- Directed by: Garson Kanin
- Written by: Paul Jarrico
- Produced by: Robert Sisk
- Starring: Ginger Rogers George Murphy Alan Marshal Burgess Meredith
- Cinematography: Merritt Gerstad
- Edited by: John Sturges
- Music by: Roy Webb
- Production company: RKO Radio Pictures
- Distributed by: RKO Radio Pictures
- Release date: June 13, 1941;
- Running time: 87 minutes
- Country: United States
- Language: English
- Budget: $806,000
- Box office: $1,628,000

= Tom, Dick and Harry (1941 film) =

1941 film by Garson Kanin

Tom, Dick and Harry is a 1941 RKO Radio Pictures American comedy film written by Paul Jarrico, directed by Garson Kanin and starring Ginger Rogers, George Murphy, Alan Marshal, Phil Silvers and Burgess Meredith. Rogers was working on the film when she was awarded the Academy Award for Best Actress for her performance in Kitty Foyle (1940).

Tom, Dick and Harry was remade as The Girl Most Likely (1957), a musical that was also the last film released by RKO.

==Plot==
Janie is a telephone operator and a daydreamer whose fondest wish is to land a rich husband. Her boyfriend Tom, a car salesman, also wants to marry, and Janie dreams about married life with him.

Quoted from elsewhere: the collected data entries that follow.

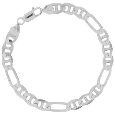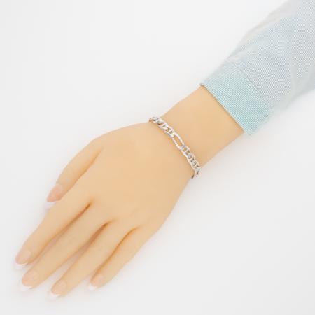 Náramek je vyroben ze stříbra ryzosti 925/1000. Vzor řetízku: Figaruchi. Povrchová úprava stříbra je ošetřena rhodiováním, které zabraňuje oxidaci (černění, žloutnutí a ztrátě lesku), díky čemuž náramek zůstane dlouho jako nový. Zapínání je na kvalitní a bezpečnou karabinu.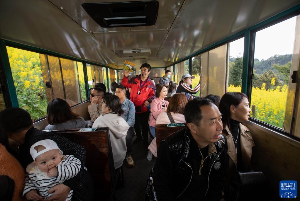 3月15日,“張火癡”(中)在嘉陽小火車上為游客講解。他曾是嘉陽小火車金牌講解員。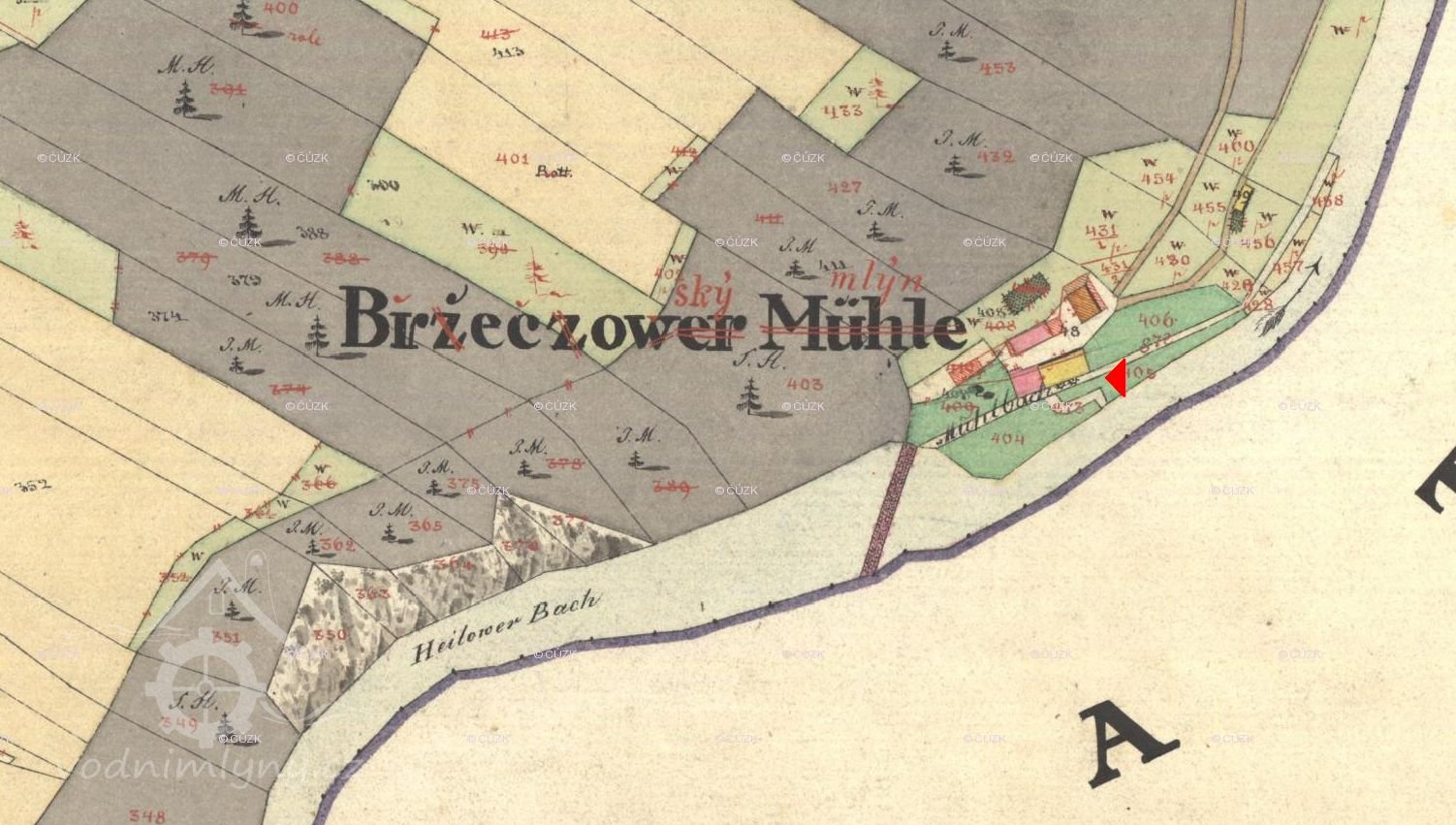 Mlýn zvaný Břečovský dostává vodu z potoka Hejlovky. Nad mlýnem ve vzdálenost 50 m je na potoce zřízen jez. Jez je směrem doprava snížen pro odchod přebytečné vody. V levém rohu je stavidlo jímž se pouští voda ku mlýnu o šířce 200 cm, výšce 105 cm.

Listening to a long-distance phone call between the wealthiest eligible bachelor in town, Dick Hamilton, and the girl whom Dick has been dating, Janie makes a wish that she could meet him. When an expensive car pulls alongside her, Janie perceives that her wish has been granted. However, the car is driven by garage mechanic Harry, who is driving it to be repaired.

Harry is immediately smitten with Janie. He spends time with her, kisses her and proposes marriage. Janie now daydreams about becoming a mechanic's wife.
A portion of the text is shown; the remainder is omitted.